▶ **Task to complete**
Restate word for word only the lines running from the one with "2024年12月31日,南通" to the end of the data, both ends included. Omit any pictures.

▶ **Data provided**
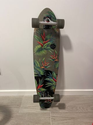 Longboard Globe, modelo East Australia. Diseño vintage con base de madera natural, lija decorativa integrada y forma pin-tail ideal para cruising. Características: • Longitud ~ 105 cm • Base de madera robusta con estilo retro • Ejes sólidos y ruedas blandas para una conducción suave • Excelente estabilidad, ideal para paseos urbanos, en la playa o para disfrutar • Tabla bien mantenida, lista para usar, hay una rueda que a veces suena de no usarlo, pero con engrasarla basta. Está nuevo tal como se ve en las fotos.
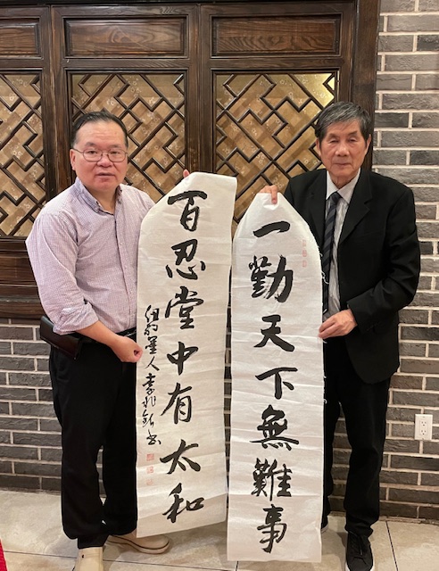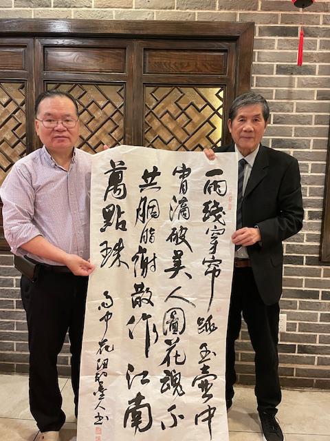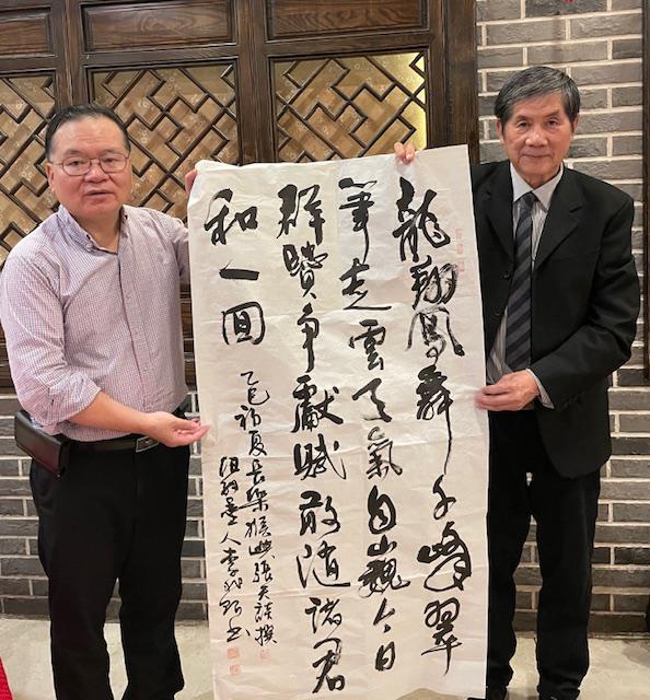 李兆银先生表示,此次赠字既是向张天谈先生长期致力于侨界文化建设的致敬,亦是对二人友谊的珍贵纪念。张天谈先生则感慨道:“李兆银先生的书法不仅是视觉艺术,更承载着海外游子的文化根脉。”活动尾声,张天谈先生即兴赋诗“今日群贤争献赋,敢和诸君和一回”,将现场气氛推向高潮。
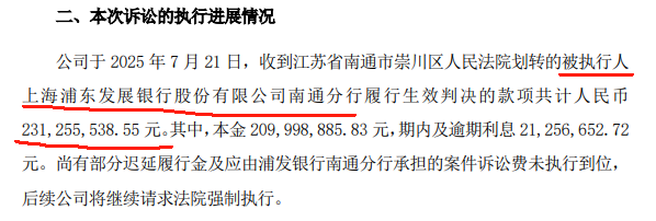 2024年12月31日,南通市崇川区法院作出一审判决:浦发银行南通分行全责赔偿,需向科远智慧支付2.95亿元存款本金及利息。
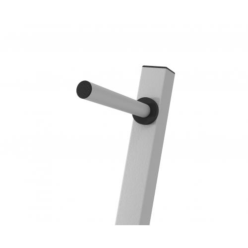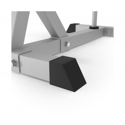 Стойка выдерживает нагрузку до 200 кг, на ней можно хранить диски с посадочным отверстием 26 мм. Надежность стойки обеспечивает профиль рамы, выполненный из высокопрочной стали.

▶ **Task answer**
 2024年12月31日,南通市崇川区法院作出一审判决:浦发银行南通分行全责赔偿,需向科远智慧支付2.95亿元存款本金及利息。
 Стойка выдерживает нагрузку до 200 кг, на ней можно хранить диски с посадочным отверстием 26 мм. Надежность стойки обеспечивает профиль рамы, выполненный из высокопрочной стали.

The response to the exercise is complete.